Mr Camilleri advises first-time buyers with budgets under around $1 million not to waste time however, as some policies may not be implemented immediately or may take time to take effect.

"You don't want to be competing with a surge of first homebuyers entering the market at the same time," he says.

For buyers not in the lowest tier of the market, he cautions against holding back as prices continue to rise.

How will banks react to a double rate cut?

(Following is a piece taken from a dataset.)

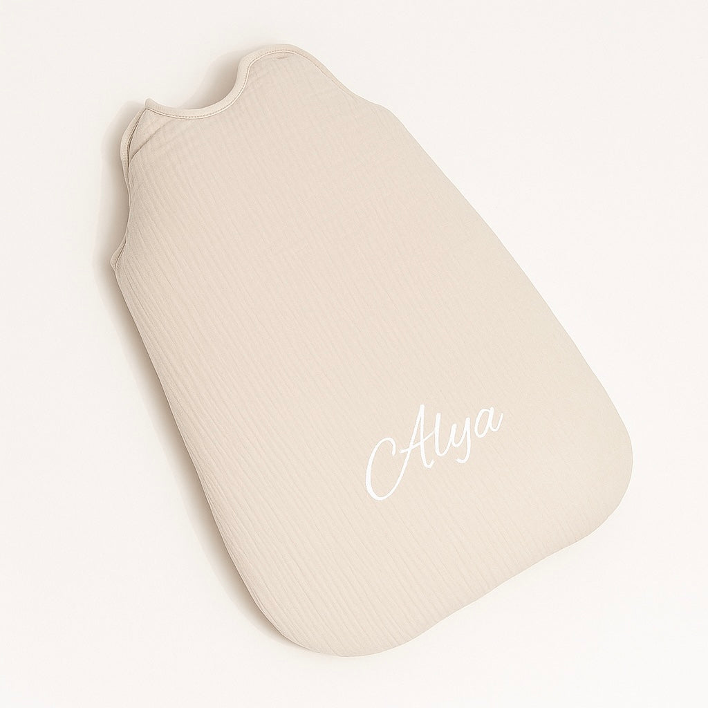 تضمن حقيبة النوم المصنوعة من الشاش القطني، والمخصصة بكلمة فريدة، لطفلك نومًا هادئًا وراحة مثالية.

Banks aren't obliged to pass on RBA rate cuts, but with cost-of-living pressures, they face considerable pressure to pass on at least some of the decreases to borrowers.

Mr Camilleri believes banks will likely pass on the cut, possibly even a double cut.

"Many banks, especially smaller ones, automatically pass on RBA cuts, which pressures competitors to do the same."

Smaller lenders could be more likely to automatically pass on cuts directly to home loan customers. Picture: Getty

Even without official cuts, there's room for negotiation, he adds.

"Banks often offer 'under-the-table' pricing, not openly advertised, but available through brokers who can secure better rates."

Your broker will be clocking lenders' responses carefully.

Should I stay with my current lender or refinance? 

Rate cuts tend to invigorate the property market, and banks are eager to capitalise, making it an ideal time to shop around for the best mortgage deal.

You may not need to switch banks; simply asking your current lender for a better rate can be effective.

"A broker will first negotiate with your current lender on your behalf. Sometimes, suggesting you're considering refinancing can lead to better offers. If not, we can initiate the refinance process," says Mr Camilleri.

'Fixed vs. variable interest rates': youtube.com/mortgagechoice

He says mortgage holders should review the market every couple of years.

"Brokers have up-to-date interest rates from lenders and a diligent one will track these rates for you."

Do I have to reduce my repayments?

Even if a rate cut reduces your mortgage interest, continuing to pay the same amount can help you pay off your loan faster.

Review how your repayments are set up: your direct debit may adjust automatically to the new minimum payment, or you may need to request this reduction.

"Some people get their nose out of joint and claim they're overpaying if their payments don't decrease, but maintaining the same payment can help you get ahead on your loan," says Mr Camilleri.

"You can always leave it at the same rate for six months and see how you go."

A broker can assist in calculating how quickly you can pay off your loan at the new rate.

What should I do with my investment property or properties?

Property investors generally face higher interest rates than owner-occupiers. Another rate cut may buy them more options, both in how much they can borrow and also how they structure their loan, says Mr Camilleri.

"Most banks lend you less if your repayments are interest-only, leading many investors to choose principal and interest loans in recent years. However, those with owner-occupied debt might benefit more from an interest-only investment loan, allowing them to focus on reducing their non-tax-deductible home loan."

With lower rates, borrowing capacity increases, allowing some investors to switch from principal-and-interest to interest-only repayments, extend loan terms or put more funds towards their home loan, he adds.

"Alternatively, they could opt for principal and interest to pay off their investment loan quicker."